Speeding up Slow SSH Between Solaris & Mac OS X
Thursday, February 18th, 2010For the past few years I’ve suffered this seemingly random problem when connecting to a Solaris or Mac OS X server via SSH: the connection would take forever to negotiate. It would connect, exchange keys, but then pause for up to a minute, plus or minus eternity, before proceeding with authentication. I finally took some time to figure out how to make it go away. Here’s what I did.
The problem seems to be related to forward and/or reverse DNS lookups. A large number of IP addresses given out on the networks that I connect from do not have proper name entries in the network owner’s DNS. By default, both Solaris and Mac OS X Server try to lookup DNS names before proceeding with authentication.
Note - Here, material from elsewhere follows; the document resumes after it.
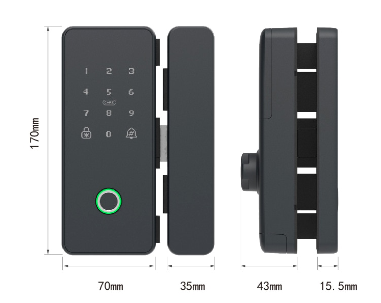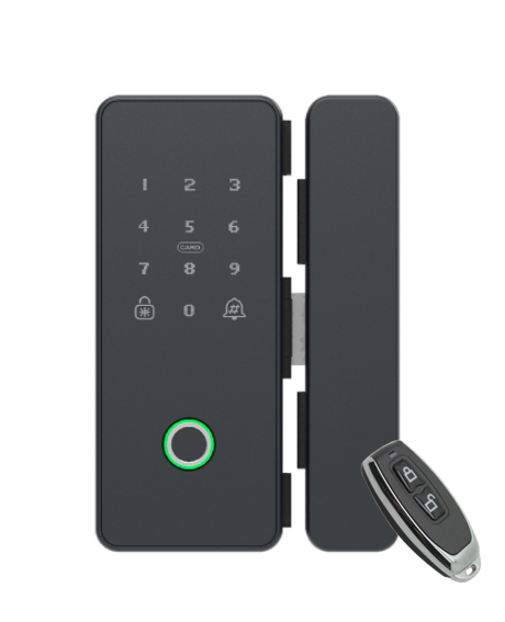 Биометрический накладной замок для установки на стеклянные двери. Замок можно установить как на раздвижные так и на распашные одностворчатые стеклянные двери с толщиной стекла 10-12мм без сверления.
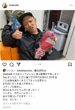 今井は20年にお笑いコンビ「ヒガシ逢ウサカ」を解散後、「今井らいぱち」に改名しピンで活動。名付け親は盛山。その年の「オールザッツ漫才2020」で「和牛」の川西賢志郎のモノマネで優勝を果たすなど活躍し注目を集めた。大阪のよしもと漫才劇場を卒業し、今年の春、活動拠点を東京に移した。

Luckily, that behavior is easy to turn off.
On Solaris
Sun’s /etc/ssh/sshd_config file can have these options for disabling the time-wasting DNS lookup behavior:
LookupClientHostnames no
VerifyReverseMapping no
On Mac OS X Server
Apple deploys OpenSSH, and it’s /etc/sshd_config file can include this option:
UseDNS no
Update your sshd_config files with these options, or ask your sysadmin to do it for you, and you’ll be connecting instantly.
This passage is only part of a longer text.